Thanks Maxer, its an old guitar that Joe Lado built for me about 20 yrs ago back in the "good ol' days" of rock/metal. It brought a tear to both of our eyes when I took it to him last year for a setup and we got to talking about how much things have changed since then.....Anyways, Yes thats the exact joint I was thinking of on the Nuno. Looks to be a good hybrid of both types of joints...other than the "swappability" of the necks that I suspect some of the DIY'ers in this thread are looking for, might be limited since few guitars seem to have this joint.
But as I said before, many of us may never need to cross that bridge.


----------



## Maxer (Apr 20, 2007)

I wish Washburn would make that licensed cutaway available on more than just the N Series, Diablo. Chalk it up to a marketing decision - helps keep the price of the N Series high I guess. If they made an X40 or X50 type guitar with a fixed bridge and a SEC I'd be looking to get my hands on one in a hurry. I had one of my SEC-equipped guitars blocked with a hard tail bridge. Now they're two related but different guitars.


----------



## Accept2 (Jan 1, 2006)

That cutaway is liecensed to Washburn from Stevens Stringed Instruments. It actually started out as a neckthru design, and then became available as a bolt on..........


----------



## Milkman (Feb 2, 2006)

Accept2 said:


> That cutaway is liecensed to Washburn from Stevens Stringed Instruments. It actually started out as a neckthru design, and then became available as a bolt on..........

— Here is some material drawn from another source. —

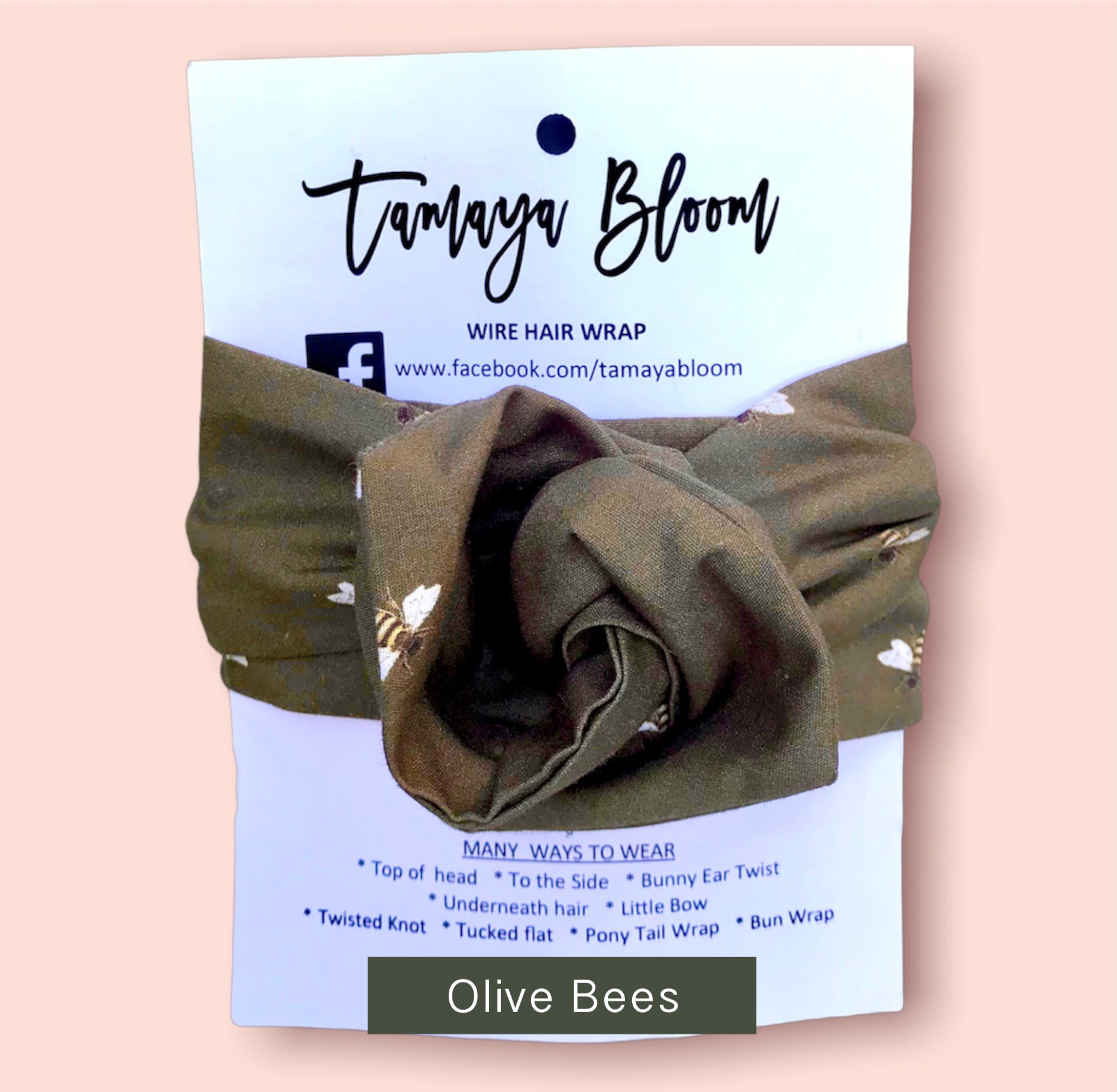 Simply wrap around your head to the desired firmness you find comfortable cross over and twist to hold in place. The ends can then be bent in to make a smaller bow, wrapped into a rose, tucked under flat or left in the bunny ear style.  You can even wrap around a ponytail or bun and finish the twist in the same way so is even more versatile.

Sure does look solid and accessability looks excellent, but interchangeability is next to zero, which makes it a non starter for me.


----------



## Maxer (Apr 20, 2007)

It might work for you if a company like Warmoth were to be able to secure the rights to make SEC necks and bodies. But for whatever reasons Stephens Stringed Instruments has apparently only dealt with Washburn.

In any case, it's one solution among many - it's certainly not the be all and end all of neck joints. I think they look beautiful and they might as well be set necks for all the strength inherent in the design, but whatever... variety is a great thing. A lot of neck-through designs have very slick upper fret access as it stands. I'm sure there are some other bolt-on designs with fairly minimal heels that don't get in the way of your fretting hand.

Hell, many people don't even go that far up the neck all that much anyway.


----------



## Milkman (Feb 2, 2006)

Maxer said:


> It might work for you if a company like Warmoth were to be able to secure the rights to make SEC necks and bodies. But for whatever reasons Stephens Stringed Instruments has apparently only dealt with Washburn.
> 
> In any case, it's one solution among many - it's certainly not the be all and end all of neck joints. I think they look beautiful and they might as well be set necks for all the strength inherent in the design, but whatever... variety is a great thing. A lot of neck-through designs have very slick upper fret access as it stands. I'm sure there are some other bolt-on designs with fairly minimal heels that don't get in the way of your fretting hand.
> 
> Hell, many people don't even go that far up the neck all that much anyway.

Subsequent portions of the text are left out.